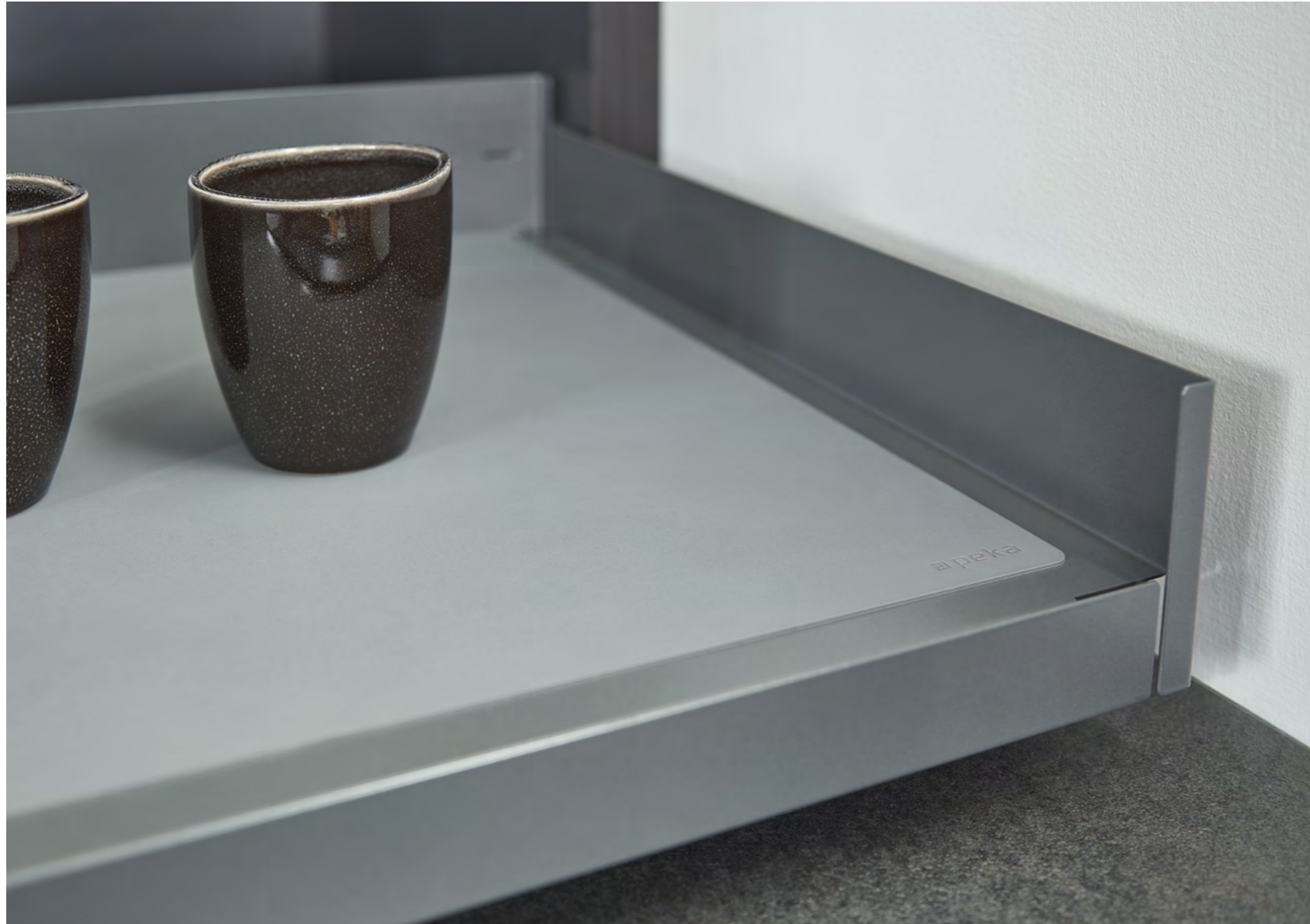
Auszugstabl原因 Extendo mit Antirutschmatte aus Silikon Extendo pull-out shelf with non-slip mat made from silicone
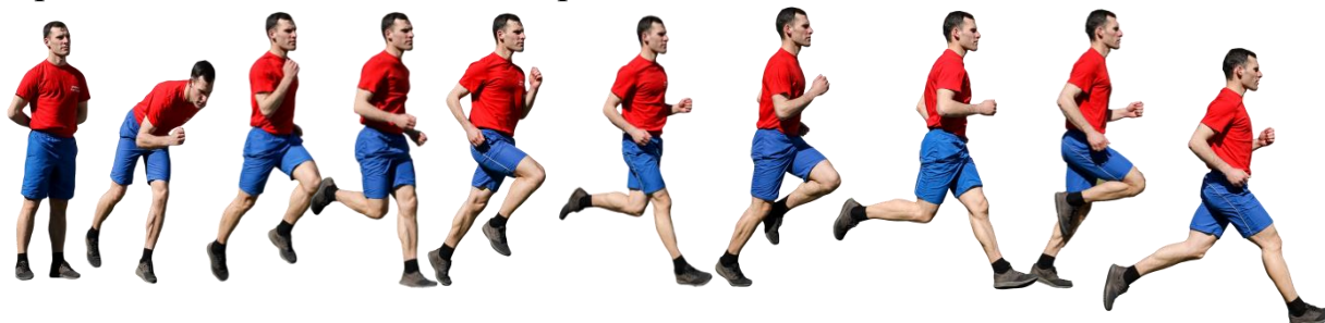
Рис. 7. Бег на 1 км, бег на 3 км.

Старт и финиш, как правило, оборудуются в одном месте. При выполнении упражнений на беговой дорожке стадиона старт и финиш производится в соответствии с разметкой стадиона.
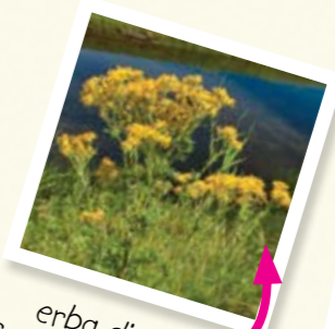
erba di San Giacomo

Piante velenose I cavalli non dovrebbero avere accesso a queste piante.
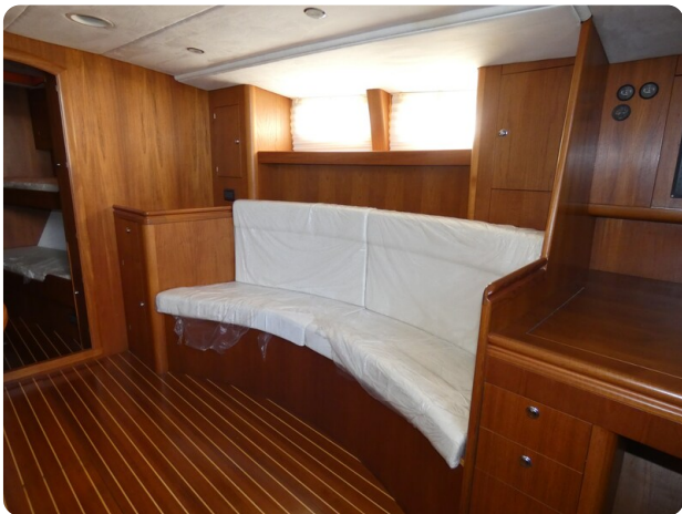
Van de Stadt 51 msp548133 15
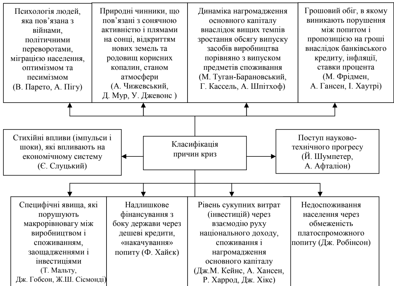
Рис. 2. Класифікація та характеристика причин криз

Особливої уваги та усвідомлення потребує той факт, що фази винаходів та нововведень мають тенденцію до прискорення. Тобто, починаючи від перших винаходів та їх втілення і наближуючись до нашого часу, чітко простежується скорочення розриву між винаходом і його втіленням у виробництво.
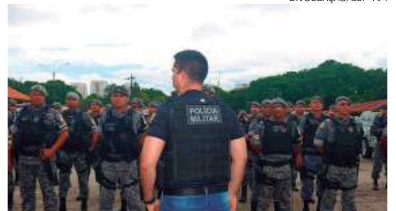
Redução é resultado de ações integradas das Forças de Segurança
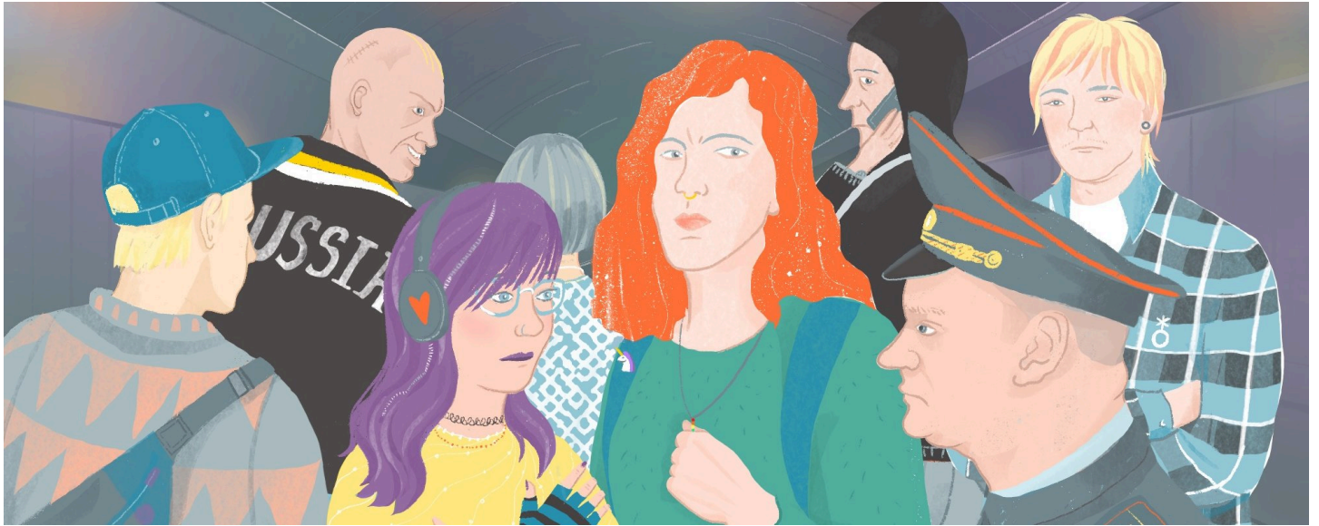
Иллюстрация: Марина Маргарина для ОВД-Инфо
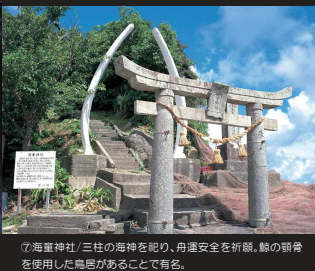
⑦海童神社 / 三柱の海神を祀り、舟運安全を祈願。腰の額骨を使用した鳥居があることで有名。
----
__What is expected__
Pictures are not part of the copy. Output only the lines from the one with "Redução é resultado" through the final line of the records, exactly as given.

__Exercise response__
Redução é resultado de ações integradas das Forças de Segurança
Иллюстрация: Марина Маргарина для ОВД-Инфо
⑦海童神社 / 三柱の海神を祀り、舟運安全を祈願。腰の額骨を使用した鳥居があることで有名。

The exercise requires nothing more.